Evile - Enter The Grave review
|Album:||Enter The Grave|
|Release date:||August 2007|
01. Enter The Grave
03. First Blood
04. Man Against Machine
05. Burned Alive
06. Killer From The Deep
07. We Who Are About To Die
09. Bathe In Blood
10. Armoured Assault
11. Darkness Shall Bring Death [demo][bonus]
12. Sacrifical [demo][bonus]
13. Enter The Grave [demo] [bonus]
Disc II [bonus]
+ Enter The Album [exclusive content featuring live performances from the album, as well as coverage of the creation of the new album as well as some funny extras]
+ autographed guitar pick from either Mike Alexander [bassist], Matt Drake [rhythm guitarist] or Ol Drake [lead guitarist]
+ Enter The Grave album patch
This is 80's Thrash. Not melodic hardcore pseudo-metal calling itself Thrash. This is the real deal.

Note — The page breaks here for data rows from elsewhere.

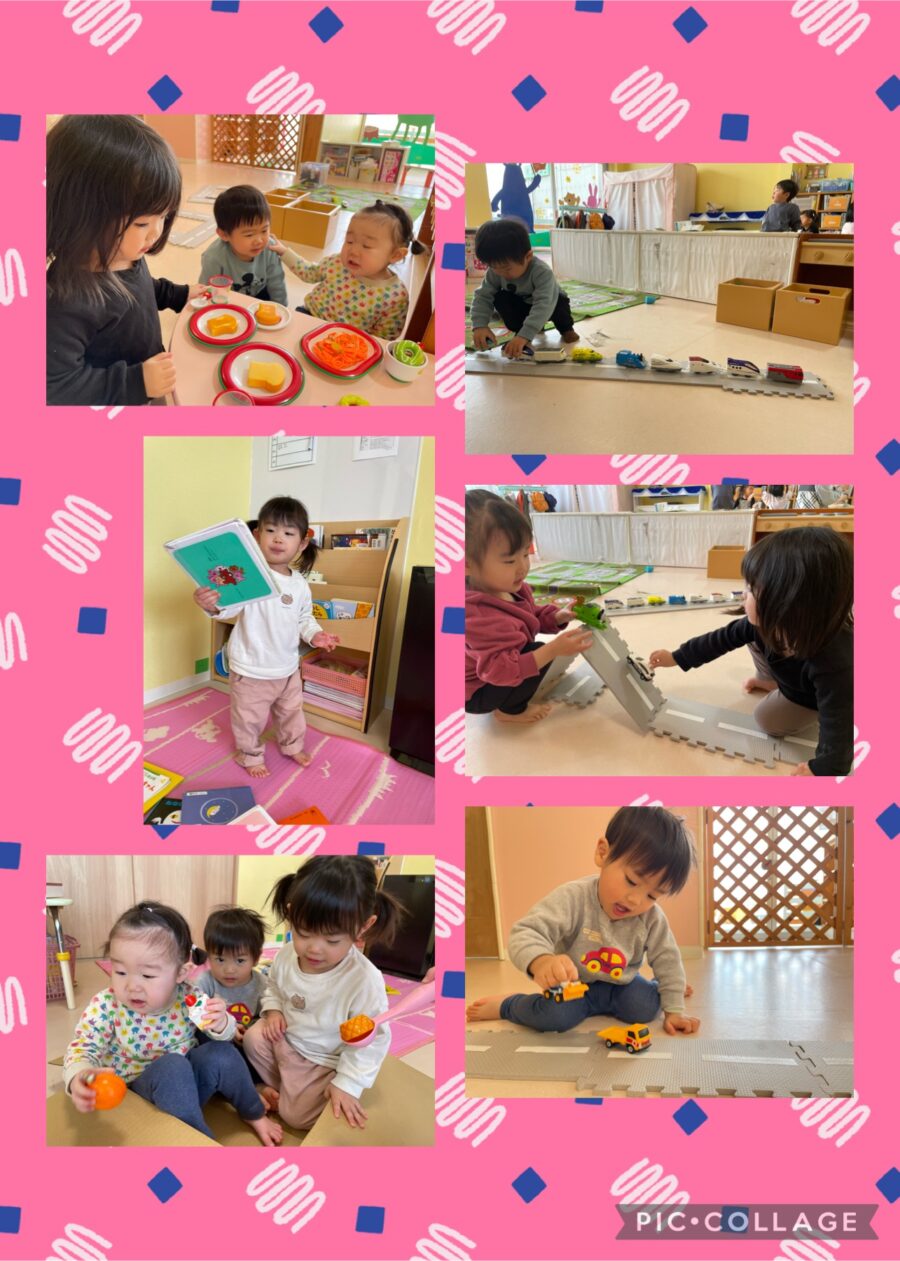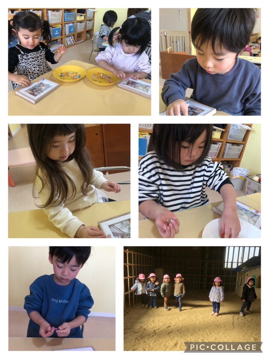 ポム組さんは、運動場に出て遊んだり、お部屋でゆっくり過ごしました☺️ストロー落としが人気で、細いストローを上手に持っています✨お友だち同士のやりとりも増えてきました💕
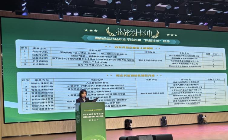 湖南食品药品职业学院党委委员、副校长万琼宣读“揭榜挂帅”项目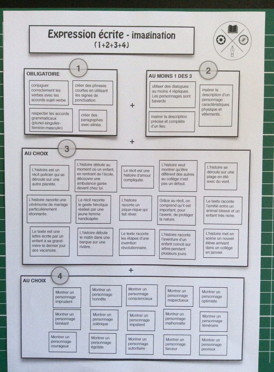 1. Les cases servent à l’amélioration continue de l’expression écrite, de chaque travaux. Le but : que les rédactions de la périodes 5 soient mieux maîtrisées (forme et vocabulaire) que celles de la première période.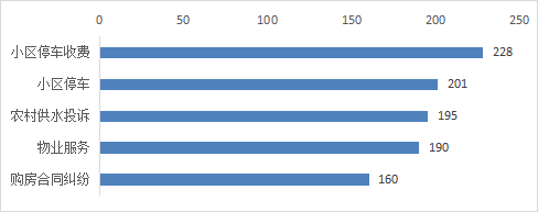 居住类诉求中,市民反映诉求较多的前五类事项分别为:小区停车收费、小区停车、农村供水投诉、物业服务、购房合同纠纷,以上五类占居住类总比28.19%。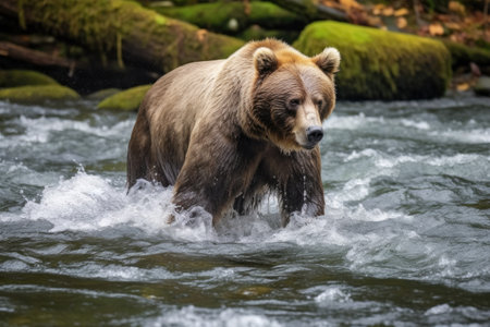 grizzly bear fishing for salmon in a roaring river, created with generative ai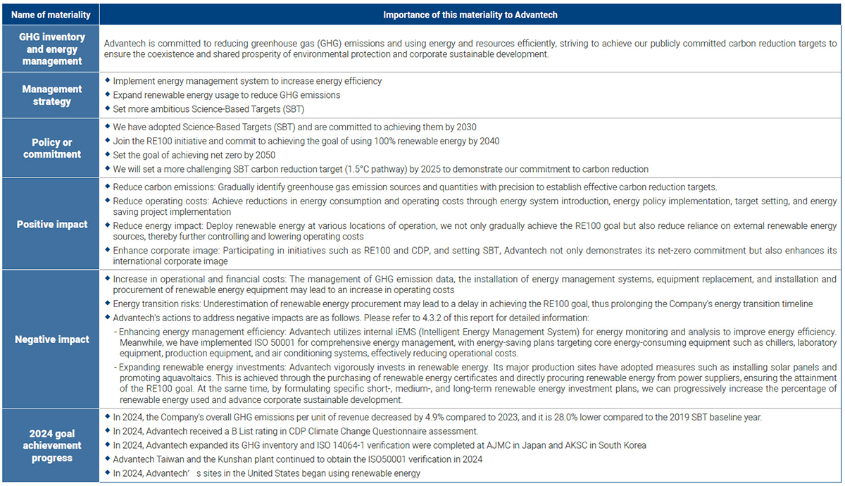 In order to create a low-carbon emission business environment, Advantech has established the “Greenhouse Gas Inventory Promotion Committee” based on the quantification, monitoring, reporting, and verification procedures for GHG inventory provided by Taiwan's Climate Change Response Act and the ISO 14064-1 standards to promote GHG inventory and reduction work in order to reduce direct and indirect GHG emissions year by year. And joined the Carbon Disclosure Project (CDP) since 2015 to disclose the Company's carbon reduction plans and performance annually.

With their debut release, Evile are clearly stuck in the 80's. Every track on this album is pure old-school Thrash, and even casual listeners will not have difficulty picking out the early Slayer and Metallica influences. The vocals are almost indistinguishable from Tom Araya (pre- Seasons in the Abyss), and the riffing sounds like it came straight from Reign in Blood. Lyrically, it takes little imagination to map many of the tracks directly to songs from the 80's: "Thrasher" (-> "Metal Militia"), "Burned Alive" (-> "Am I Evil"), "Schizophrenia" (-> "The Frayed Ends Of Sanity"), "Bathe in Blood" (-> umm . . .). Even one of the tracks with no direct 80's counterpart draws its inspiration from an action film of the same era ("First Blood").
The material here is so derivative that it would be easy to just dismiss it as simple Slayer worship. That is, if it weren't done so well. The performances here are fantastic, actually better that the musicianship from many of the bands who pioneered Thrash over twenty years ago. What Evile lack in originality, they deliver in musicianship and variety. Multiple tempos appear throughout the album, preventing the listener from ever becoming bored. The strongest track, "We Who Are About to Die," is a mostly mid-tempo song, beautifully divided with an uptempo shift and a couple of blistering solos. Had these guys made the scene during its heyday, Evile would not be derivative, but rather skillful practitioners in a fresh genre, and critics now would likely be considering them alongside the likes of Exodus and Testament.
This is enjoyable Thrash, and those who long for a return to the unpretentious approach to metal of the original Thrash era should pick this up without any hesitation. These guys have plenty of talent, and obviously have tremendous respect for the genre. Evile will be a band to watch closely as they develop their own creative voice.